While raising premiums of new policies altogether seems an obvious recourse, carriers may also consider augmenting policy front-loading. Carriers can advance premium charges to such an extent that, from a purely economic point of view, an insured would always be better off committing to the existing insurance contract, due to the low premium/face ratio, than terminating or switching to a new contract. Such a pricing scheme renders moot the lapse assumption, which makes accurate premium setting much easier. In reality, single premium insurance exists as an extreme form of front loaded insurance products (Gatzert, Hoermann, and Schmeiser, 2009).
Assume policies were sufficiently front-loaded under the setting of mandated secondary sale. Compared to the status quo, healthier insureds would, due to lower future premiums and the option to monetize their policies through secondary sale, stay longer in the risk pool and thus financially contribute more to the pool. On the other hand, unhealthy insureds would be more tempted to forfeit their policy for an increased cash back and would financially benefit more from the pool. In this way, peer subsidizing flows from healthy insureds to unhealthy ones, which would be more just than the present alternative as implied under lapse-supported pricing scheme.
Morbidity-contingent monetization, a key element of the proposed intervention, is not entirely unprecedented. Currently on the market are products with similar partial-to-full monetization features such as accelerated death benefits (ADB), carrier buyback, and enhanced cash surrender value, all being quasi “add-ons” that require morbidity-contingent nonforfeiture valuation. While, most of these insurance products are subject to additional charges, ADB for terminally ill is usually attached as a free rider to a life insurance policy. This is because historically, the coexistence of the viatical settlements market and ADB for the terminally-ill has ensured that the latter has become a standard feature of life insurance, with little or no surcharge.

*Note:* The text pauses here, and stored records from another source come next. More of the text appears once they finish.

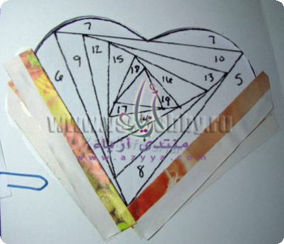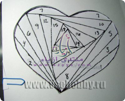 الطريقة سهلة جدا نأخذ ورق مقوى ونقصه على شكل قلب [IMG][/IMG] نخططه كما في الصورةاو بأي شكل تحبيه [IMG][/IMG] ناخذ ورق ملون ونلصقه كا في الصور [IMG] https://up.azyya.com/do.php?imgf=1369565841991.jpg https://up.azyya.com/do.php?imgf=1369565842032.jpg https://up.azyya.com/do.php?imgf=1369565842063.jpg [/IMG][IMG] https://up.azyya.com/do.php?imgf=136956590711.jpg https://up.azyya.com/do.php?imgf=1369565907142.jpg https://up.azyya.com/do.php?imgf=1369565907193.jpg https://up.azyya.com/do.php?imgf=1369565907224.jpg [/IMG]والنتيجة [IMG][/IMG] :e046: :e046: :e046: :e046: :e046: :e046: :e046: |
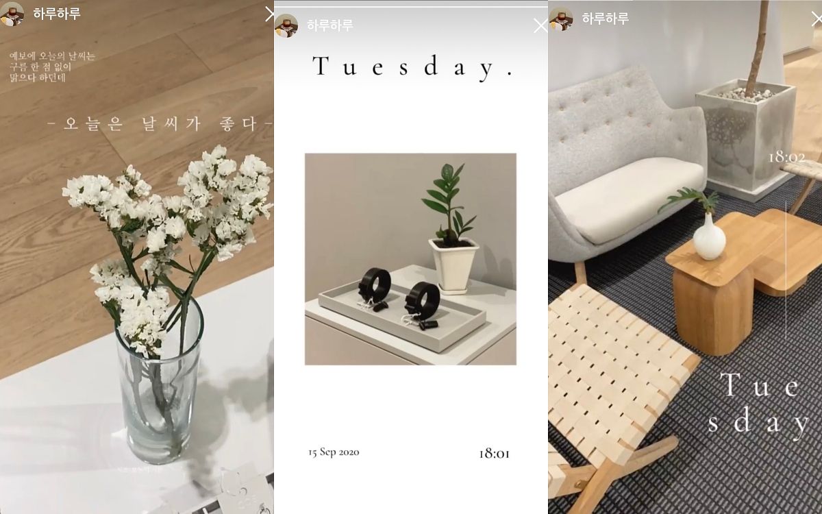 韓文字裝飾超有質感,左圖一排字意為「今天天氣很好」、可以用在任何時刻,而且除了韓文字也有星期的英文字互相搭配,排版簡單又有一點設計細節,多款版型可以挑選。
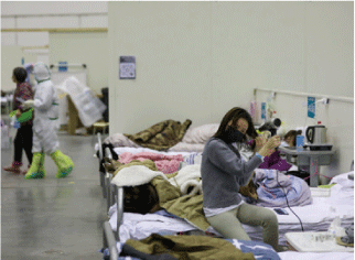 2020年2月17日晚,位于湖北省武汉市的武汉体育中心方舱医院,新冠肺炎患者准备就寝。
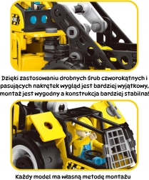 Zahvaljujoč premičnim delom je igra verodostojna in tekoča. Set vključuje tudi figurice in orodja, tako da lahko otroci takoj začnejo z “gradnjo”. Preprosta navodila korak za korakom olajšajo sestavljanje ter razvijajo koordinacijo roka–oko, logično mišljenje in fino motoriko.
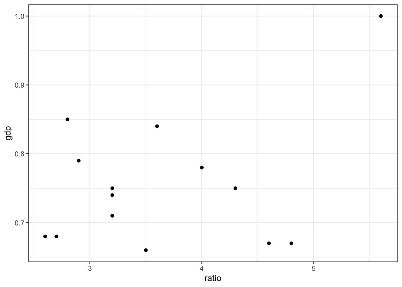 data = table1says that data will come from the objecttable1mapping = aes(x = ratio, y = gdp)maps the data to the aesthetics of the graph. This line says that theratiovariable will be placed on the \(x\)-axis and thegdpvariable will be on the \(y\)-axis.
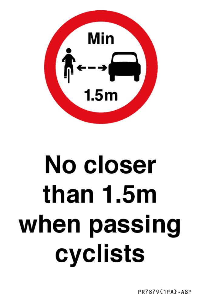 Sign Text: No closer than 1.5m when passing cyclists
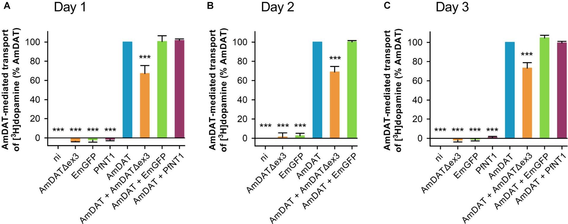 FIGURE 4. AmDATÎex3 downregulates the AmDAT-mediated uptake of dopamine in Xenopus oocytes. Measurements of [3H]dopamine transport were performed on (A) day 1, (B) day 2, and (C) day 3 post-cRNA-injection. Non-injected oocytes (ni) were included as a negative control, EmGFP and PfNT1 were included as co-injection controls, and oocytes expressing AmDAT served as the positive control. Dopamine uptake was expressed as a percentage of that measured in the AmDAT-expressing oocytes. The component of [3H]dopamine transport attributable to AmDAT was calculated by subtracting the background level of accumulation (i.e., dopamine uptake in non-injected oocytes) from that measured for each of the other oocyte types (the total levels of [3H]dopamine uptake are presented in Supplementary Figure S4). In all panels, the data are the mean + SEM of 3â10 independent experiments (performed using oocytes from different frogs), within which measurements were made from 10 oocytes per treatment. âââ denotes a significant difference (p < 0.001) from the positive control (one-way ANOVA). |
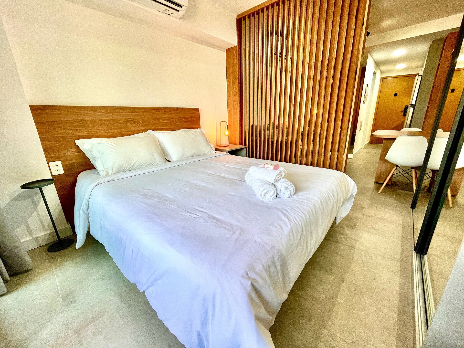 Super nice studio with a comfortable queen size bed, double sofa bed, closets, powerful air conditioning, a 50 inch Smart TV, blackout curtains, a dining table, and plenty of outlets. It also features a charming balcony with views of Christ the Redeemer, the mountains, and the street. High speed internet access is available. The bathroom is fully equipped with a shower with good pressure. The kitchen is equipped with a refrigerator, cooktop, hood, microwave, coffee machine, Airfryer, washing machine and dryer, and various utensils. Other amenities include a portable crib*, hairdryer, iron, and amenities kit (shampoo, conditioner, and soap).
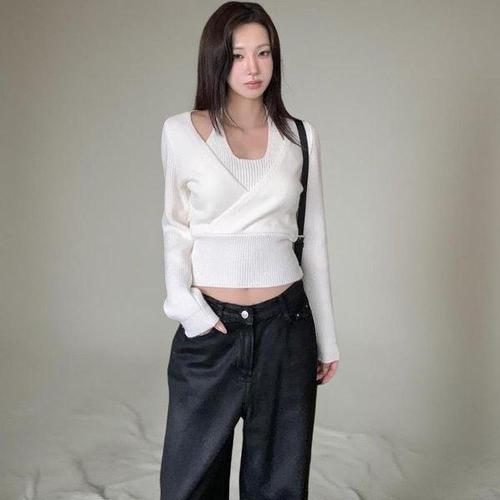 [옷자락]여자 홀터넥 골지 나시 레이어드 랩 크롭 니트
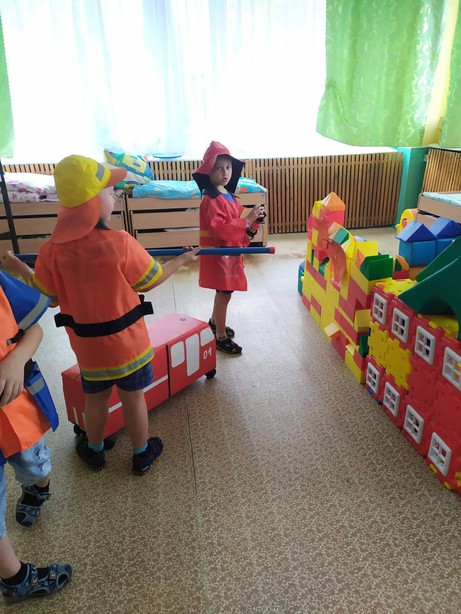 Сегодня воспитанники нашей группы «Почемучки» придумали интересную игру «Тили – Бом, загорелся Наташин дом!». В ходе этой игры ребята вспомнили правила безопасного поведения при возникновении пожара, какие средства защиты можно изготовить из подручных средств, какой номер должны набирать при пожаре. Проиграли различные ситуации поведения во время возникновения пожара дома: нельзя от страха прятаться в укромных местах квартиры (под кроватями, в шкафах), так как в задымленных местах помещения отыскать их спасателями будет нелегко. А так же, расширили знания о способах тушения пожара, о том, что необходимо пожарному для борьбы с огнем.
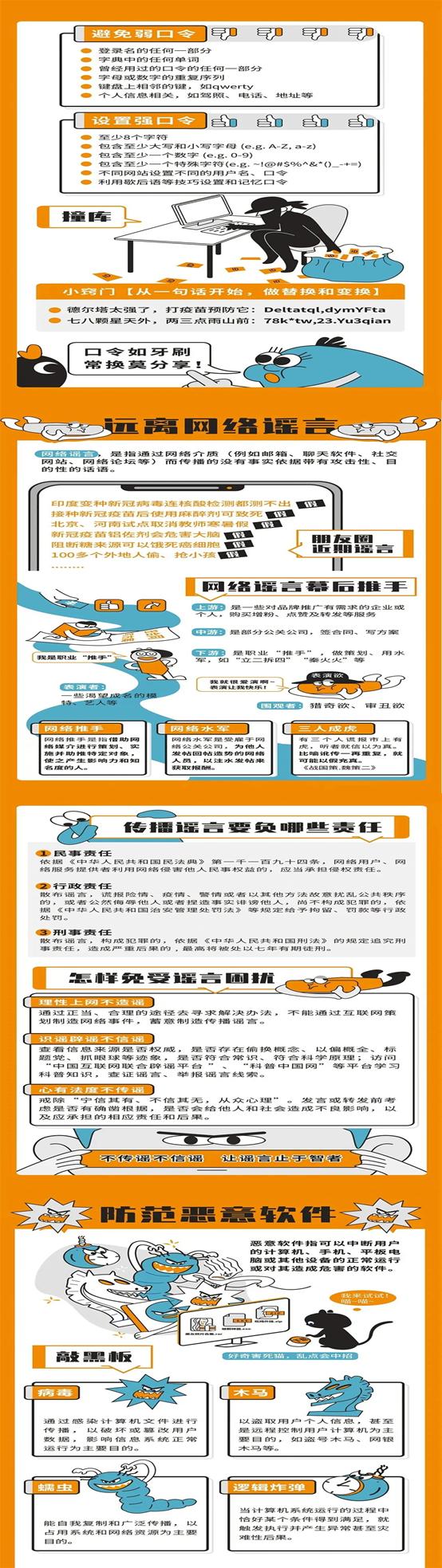 通过对上面宣传手册的了解和学习,我们对电信诈骗、个人信息保护、密码保护、网络谣言、恶意软件以及手机安全风险等有了进一步的认识和了解。网络安全,你我共筑,让我们一起提升网络安全意识、提升网络素养、共享网络文明吧。
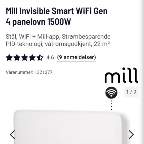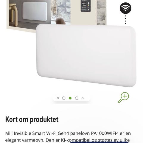 Mill panelovn med WiFi, effekt 2000W. Kjøpt ny i fjor. Vegghengt modell i hvit. Ovnen har elektronisk styring og kan kobles til Mill-appen via trådløst nettverk (2,4 GHz) for fjernstyring og temperaturkontroll. IPX4-klassifisering gjør den egnet for bruk i våtrom i henhold til gjeldende monteringsregler. Panelovnen er beregnet for fast tilkobling eller bruk med ledning og støpsel, avhengig av installasjon. Passer som hoved- eller tilleggsvarme i rom innenfor anbefalt kvadratmeterstørrelse fra produsent.
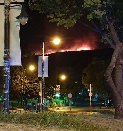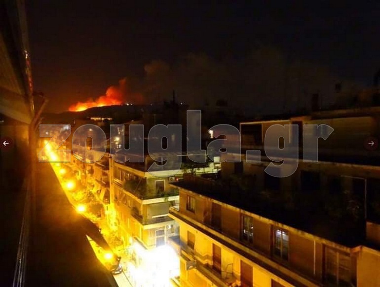 Φωτιά ξέσπασε τα ξημερώματα της Δευτέρας στους πρόποδες του Υμηττού από την πλευρά της Παιανίας και προχώρησε με ταχύτητα προς την κορυφή του βουνού όπου βρίσκονται και οι κεραίες των ραδιοφωνικών σταθμών. Η πυρκαγιά η οποία μετά τις 8.00 παρουσιάζει καλύτερη εικόνα είναι ορατή και από την πλευρά της Αθήνας. Όπως ανέφερε αυτόπτης μάρτυρας – κάτοικος της περιοχής στις 3.18 είδε μία λάμψη, ακούστηκε έκρηξη και τότε ξεκίνησαν όλα.

Insurance companies that did not factor in the effect of the secondary market at pricing would be exposed to unexpected losses, and would consequently try to remedy this ex-post, i.e. by increasing the cost of insurance retrospectively. However, this would come at the cost of the potential lawsuits and reputational damage.
Through a mandated secondary sale regime, carriers internalize life settlement and foster a universal and competitive secondary market that naturally features a valuation of policies unconditionally pegged to their economic value. In anticipation of this potential ultimate equilibrium underpinned by continuous monetizability of policy value, insurance companies would need to switch lapse-supported pricing to front-loading, “mortality-focused” pricing.
A competitive secondary market as a result of such reform propels realization of the economic value of life insurance, consequently maximizing insurance utility to policyholders and augmenting the welfare of society. We suggest that life insurance carriers make a prompt business model transition to embrace and participate in the secondary sale of policies, instead of avoiding or resisting it. With increasingly more legislation getting issued in favor of life settlement (e.g. Brady, 2017), the proposed reform is a progressive rather than an aggressive one. It helps accelerate the transition into the market’s new normal. We are confident that the new equilibrium reached through the proposed paradigm shift will yield a higher market efficiency and a utility-premised wealth transfer among consumers.